Elastic Registration–driven Deep Learning for Longitudinal Assessment of Systemic Sclerosis Interstitial Lung Disease at CT

Résumé

In patients with systemic sclerosis, a deep learning classifier applied to elastic registration of chest CT images depicted lung shrinkage and functional worsening with high accuracy. Background Longitudinal follow-up of interstitial lung diseases (ILDs) at CT mainly relies on the evaluation of the extent of ILD, without accounting for lung shrinkage. Purpose To develop a deep learning–based method to depict worsening of ILD based on lung shrinkage detection from elastic registration of chest CT scans in patients with systemic sclerosis (SSc). Materials and Methods Patients with SSc evaluated between January 2009 and October 2017 who had undergone at least two unenhanced supine CT scans of the chest and pulmonary function tests (PFTs) performed within 3 months were retrospectively included. Morphologic changes on CT scans were visually assessed by two observers and categorized as showing improvement, stability, or worsening of ILD. Elastic registration between baseline and follow-up CT images was performed to obtain deformation maps of the whole lung. Jacobian determinants calculated from the deformation maps were given as input to a deep learning–based classifier to depict morphologic and functional worsening. For this purpose, the set was randomly split into training, validation, and test sets. Correlations between mean Jacobian values and changes in PFT measurements were evaluated with the Spearman correlation. Results A total of 212 patients (median age, 53 years; interquartile range, 45–62 years; 177 women) were included as follows: 138 for the training set (65%), 34 for the validation set (16%), and 40 for the test set (21%). Jacobian maps demonstrated lung parenchyma shrinkage of the posterior lung bases in patients found to have worsened ILD at visual assessment.
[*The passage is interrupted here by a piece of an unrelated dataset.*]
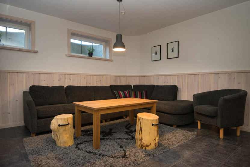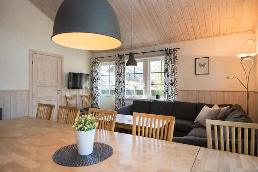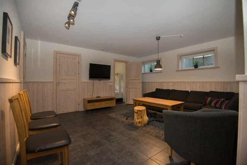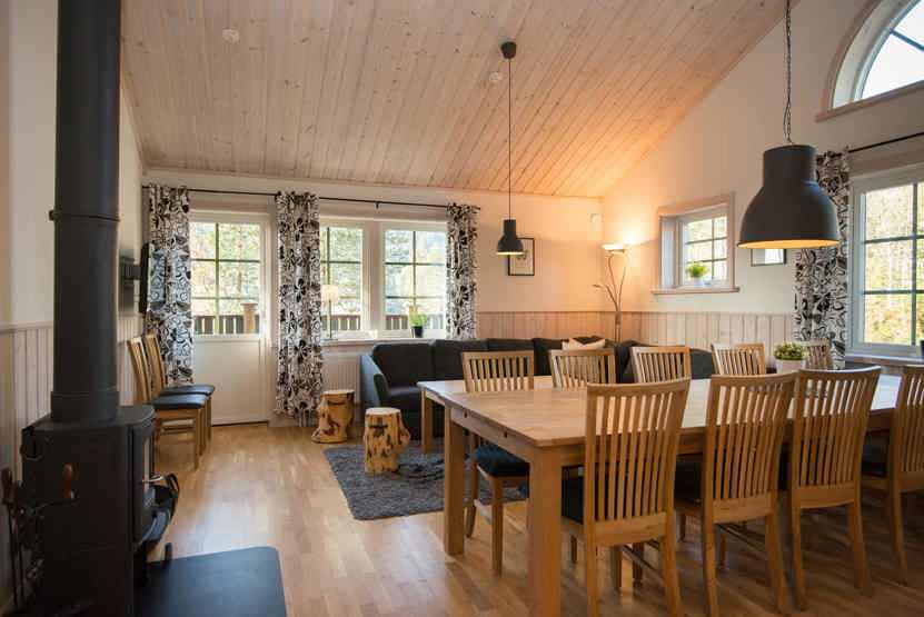 Opholdsstue med køkkenafdeling, og opholdsstue på nedre etage. TV, brændeovn (brænde indgår ikke), tørreskab, balkon.

The classifier detected morphologic and functional worsening with an accuracy of 80% (32 of 40 patients; 95% confidence interval [CI]: 64%, 91%) and 83% (33 of 40 patients; 95% CI: 67%, 93%), respectively. Jacobian values correlated with changes in forced vital capacity (R = −0.38; 95% CI: −0.25, −0.49; P < .001) and diffusing capacity for carbon monoxide (R = −0.42; 95% CI: −0.27, −0.54; P < .001). Conclusion Elastic registration of CT scans combined with a deep learning classifier aided in the diagnosis of morphologic and functional worsening of interstitial lung disease in patients with systemic sclerosis.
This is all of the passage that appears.